Saturday, March 17, 2012

The Power of Humility

Essential Yoga Sutras of Patanjali
by Geshe Michael Roach & Christie McNally

I.1 I will now review for you
how we become whole.
Atha yoga-anushashanam.

Another meaning of yoga is to become whole. Ultimately we only become whole when we are truly capable of helping others with the things that really matter: when we can help them understand how they came into this world, and what life is for, and whether it has to end with losing everything.

This then, says Master Patanjali, is why I write my short book. He wants us to know, from the very beginning, that his book contains something of ultimate importance, something worth the precious hours of our life.

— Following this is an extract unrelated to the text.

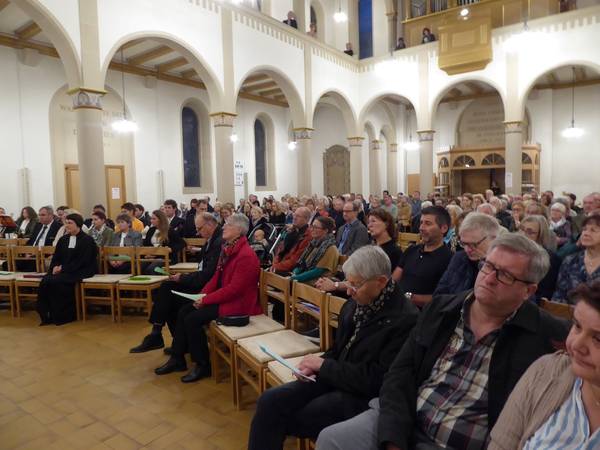 Gottesdienst zum Posaunenchor-Jubiläum in der voll besetzten Kirche mit rund 200 Besuchern.-Dekanin Christiane Glöckner-Lang hielt die Predigt
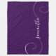 Dark Purple and White Curly Signature Name Fleece Blanket

And I will only review, says the Master, what I have heard from my holy teachers. He attacks his own pride: I have nothing new to tell you, and there is nothing here that I have made up myself. I am only a vessel for the wisdom of the ages, and I pass it on to you—tried, tested, and unadulterated.

And he says, “I will” write this book, for once a Master promises to do something, they do it—or die trying. All the great books of India begin with these three noble themes. Their power, their karma, stops all obstacles to the work we now begin.

TO BECOME WHOLE

I.2 We become whole by stopping
how the mind turns.
Yogash chitta virtti nirodhah.

These are perhaps the most important words of the entire Yoga Sutra.Here the Master tells us another meaning of yoga, which is learning to stop The Great Mistake.

And what is The Great Mistake? Our mind turns; meaning it turns things around the wrong way. A mother takes her small child to a movie. On the screen, a man is hurting a puppy.

The child cries out, and reaches to stop the man. Perhaps the child can even get up to the screen, and try to hit the man. But this doesn’t stop the man; it has nothing to do with the man. And the child hurts their own hand in the process.

Our mind makes this same kind of mistake, every day, every moment of every day. We need to stop the mistake, and that is yoga. Pain is real —yes—and it really hurts people. But we can only stop it if we can stop misunderstanding where it comes from. And this is what Yoga Sutra teaches us to do.